Records excerpted from a collection
Start of Block

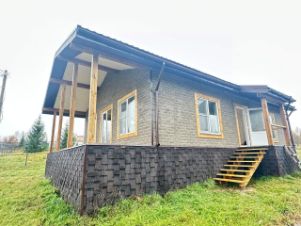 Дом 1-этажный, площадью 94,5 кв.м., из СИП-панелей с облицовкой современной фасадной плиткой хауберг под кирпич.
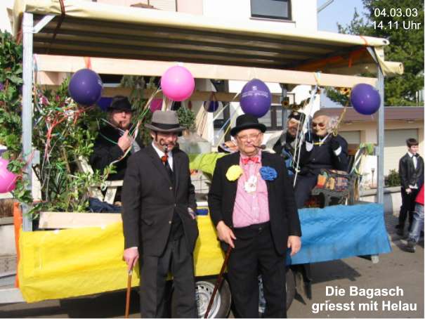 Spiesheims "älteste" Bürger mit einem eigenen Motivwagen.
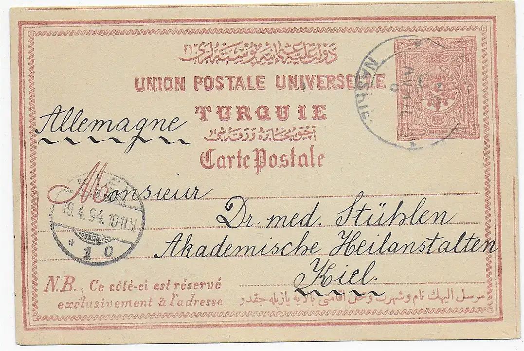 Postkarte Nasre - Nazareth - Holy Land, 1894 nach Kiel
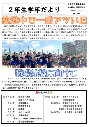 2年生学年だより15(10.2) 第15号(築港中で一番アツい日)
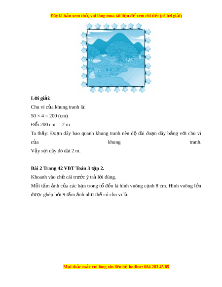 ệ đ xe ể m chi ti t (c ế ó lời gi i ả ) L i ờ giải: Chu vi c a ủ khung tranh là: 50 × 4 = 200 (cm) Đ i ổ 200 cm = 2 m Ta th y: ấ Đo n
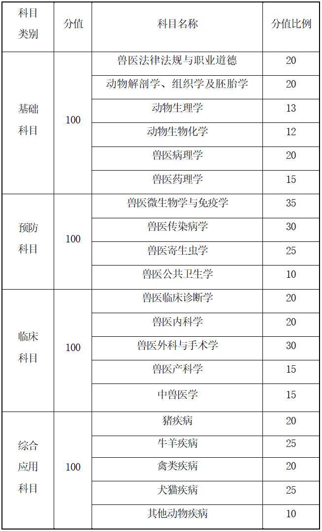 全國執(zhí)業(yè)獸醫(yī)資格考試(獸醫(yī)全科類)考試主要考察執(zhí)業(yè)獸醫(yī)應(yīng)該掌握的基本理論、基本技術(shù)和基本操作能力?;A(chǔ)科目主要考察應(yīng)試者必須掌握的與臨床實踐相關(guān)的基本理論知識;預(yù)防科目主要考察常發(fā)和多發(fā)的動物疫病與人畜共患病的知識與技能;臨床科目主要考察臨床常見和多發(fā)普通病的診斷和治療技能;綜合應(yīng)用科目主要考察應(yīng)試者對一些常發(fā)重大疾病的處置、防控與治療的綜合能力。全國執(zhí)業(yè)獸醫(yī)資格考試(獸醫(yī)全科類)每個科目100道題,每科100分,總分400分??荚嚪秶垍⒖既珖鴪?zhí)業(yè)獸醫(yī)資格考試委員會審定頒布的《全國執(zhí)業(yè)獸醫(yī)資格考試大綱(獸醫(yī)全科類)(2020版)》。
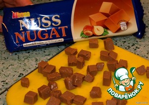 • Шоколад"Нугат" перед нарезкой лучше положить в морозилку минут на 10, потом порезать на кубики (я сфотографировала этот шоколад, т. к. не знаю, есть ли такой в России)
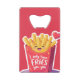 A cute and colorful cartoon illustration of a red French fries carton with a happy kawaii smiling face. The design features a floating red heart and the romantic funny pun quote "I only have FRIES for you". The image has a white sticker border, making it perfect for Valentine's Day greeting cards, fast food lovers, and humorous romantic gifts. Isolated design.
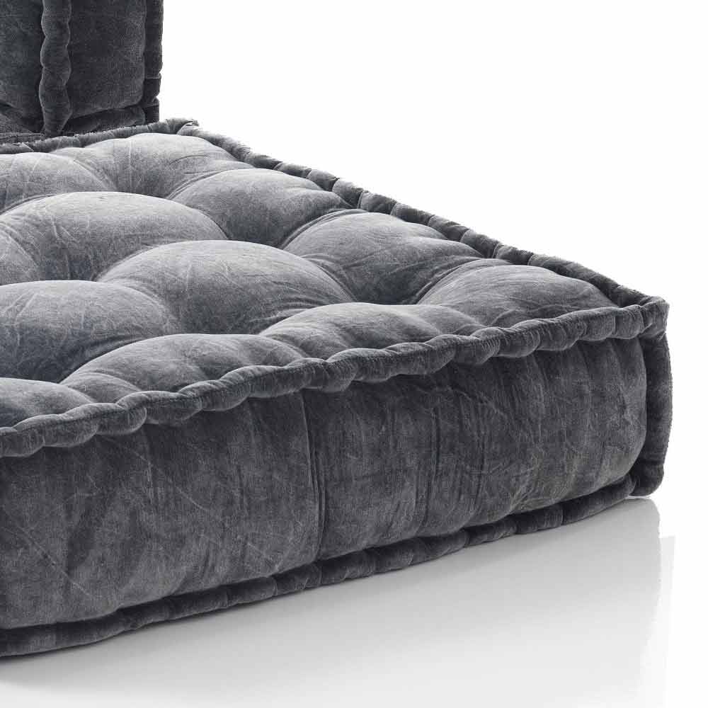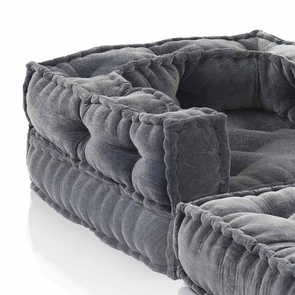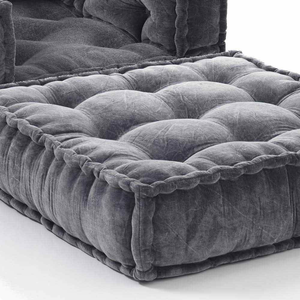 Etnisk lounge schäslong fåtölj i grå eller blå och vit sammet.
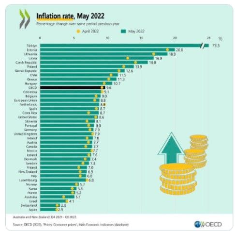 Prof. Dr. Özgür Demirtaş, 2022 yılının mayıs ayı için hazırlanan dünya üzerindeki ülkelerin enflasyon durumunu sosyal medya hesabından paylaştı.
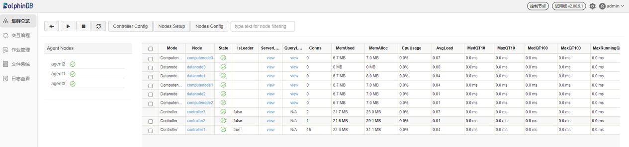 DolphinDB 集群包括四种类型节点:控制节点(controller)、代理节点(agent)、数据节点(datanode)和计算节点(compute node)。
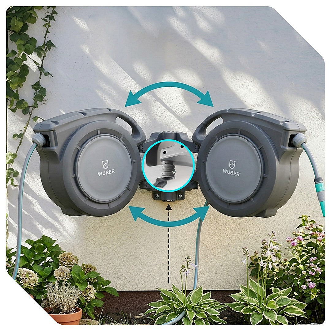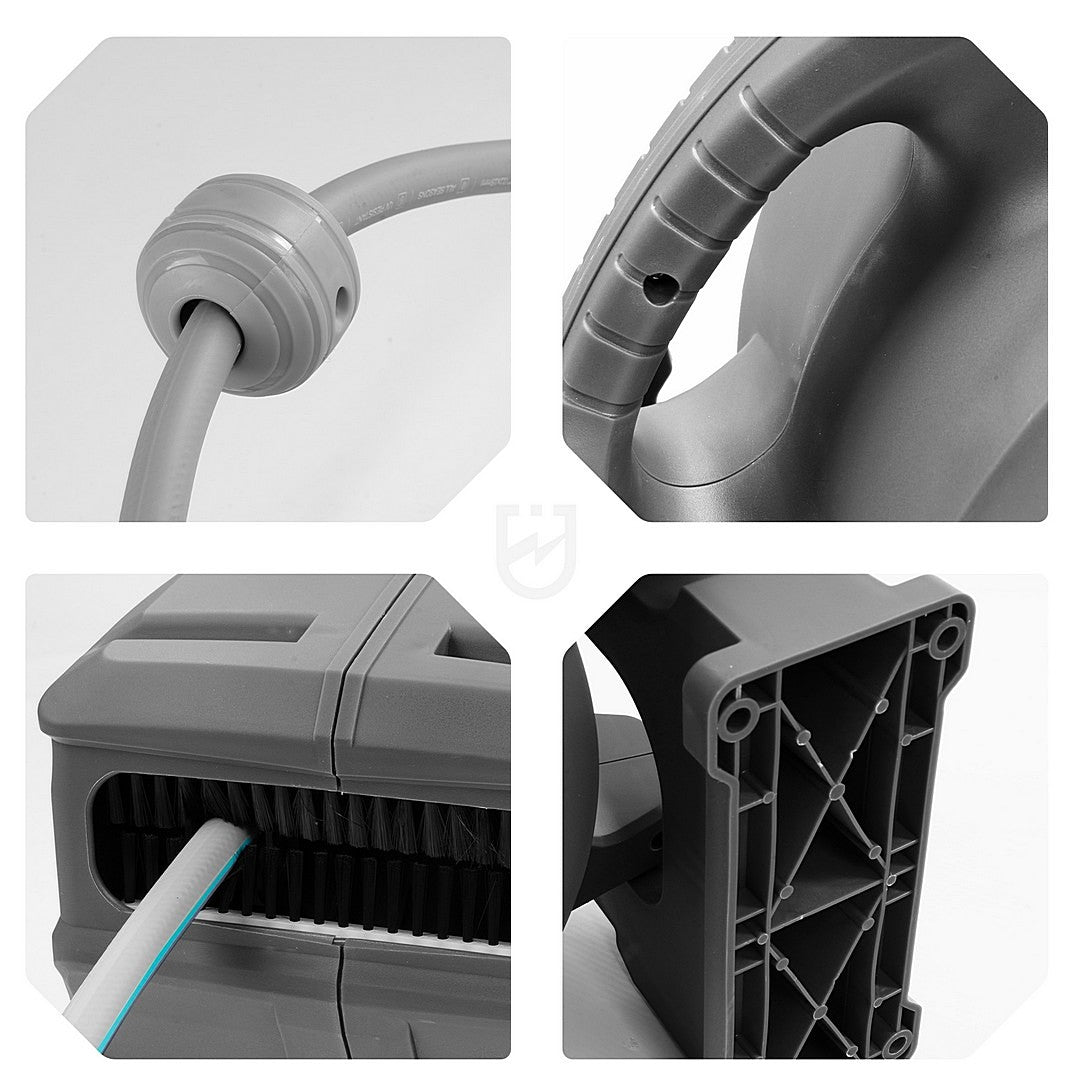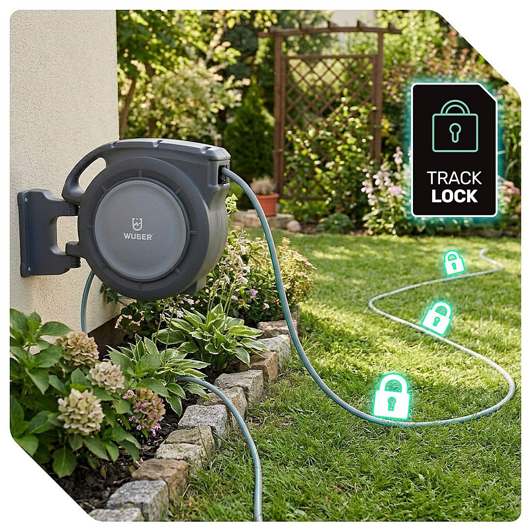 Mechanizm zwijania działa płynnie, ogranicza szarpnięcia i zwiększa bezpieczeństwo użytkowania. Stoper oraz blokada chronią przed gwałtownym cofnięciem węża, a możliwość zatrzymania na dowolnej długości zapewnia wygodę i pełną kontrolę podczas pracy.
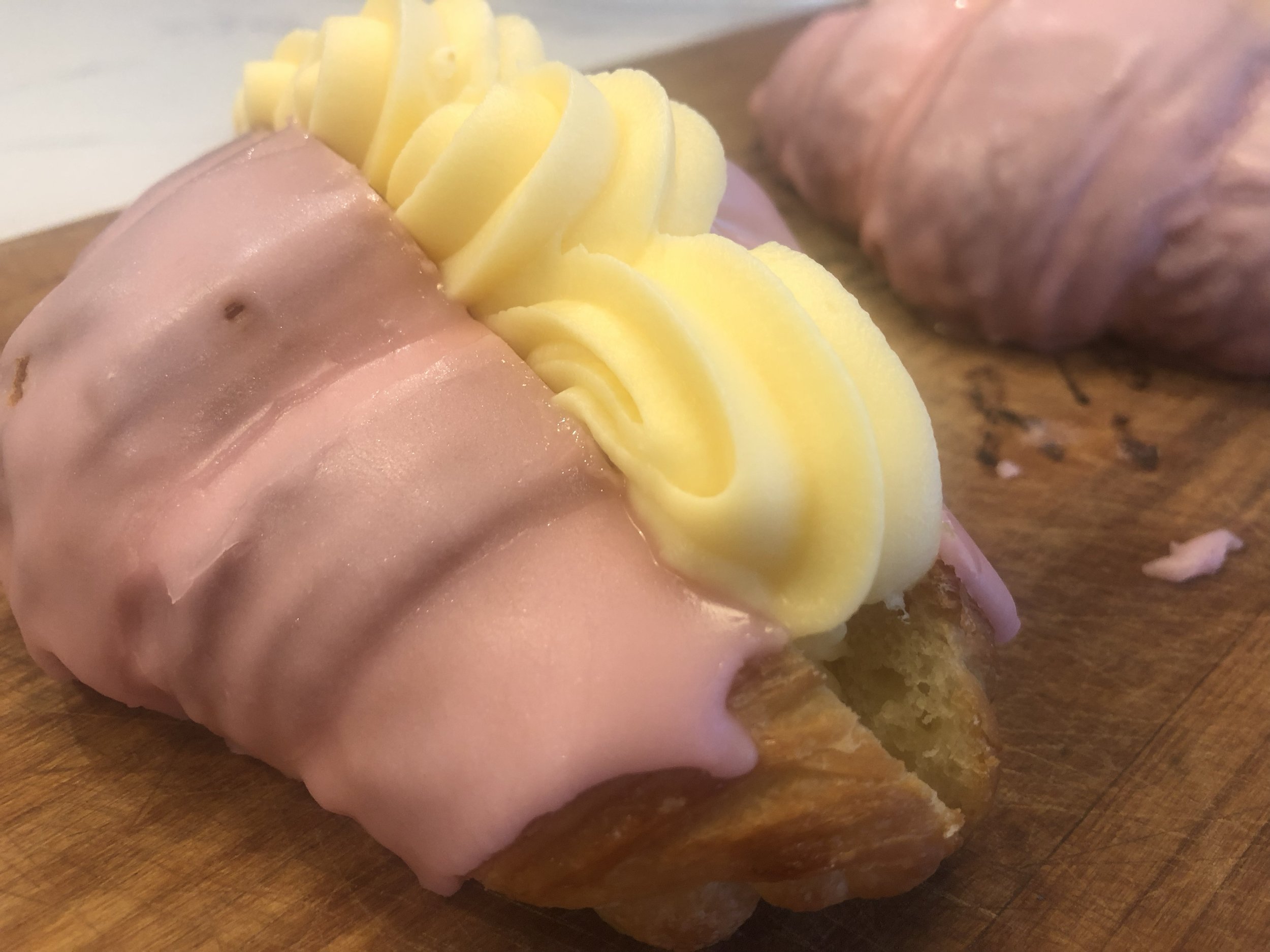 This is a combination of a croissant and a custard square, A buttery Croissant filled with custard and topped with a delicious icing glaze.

End of Block

== What is needed ==
With pictures excluded, reproduce exactly the lines above from the one containing "Postkarte Nasre - Nazareth" down to the one containing "ệ đ xe ể m chi", those two included.

== Answer space ==
 Postkarte Nasre - Nazareth - Holy Land, 1894 nach Kiel
 2年生学年だより15(10.2) 第15号(築港中で一番アツい日)
 ệ đ xe ể m chi ti t (c ế ó lời gi i ả ) L i ờ giải: Chu vi c a ủ khung tranh là: 50 × 4 = 200 (cm) Đ i ổ 200 cm = 2 m Ta th y: ấ Đo n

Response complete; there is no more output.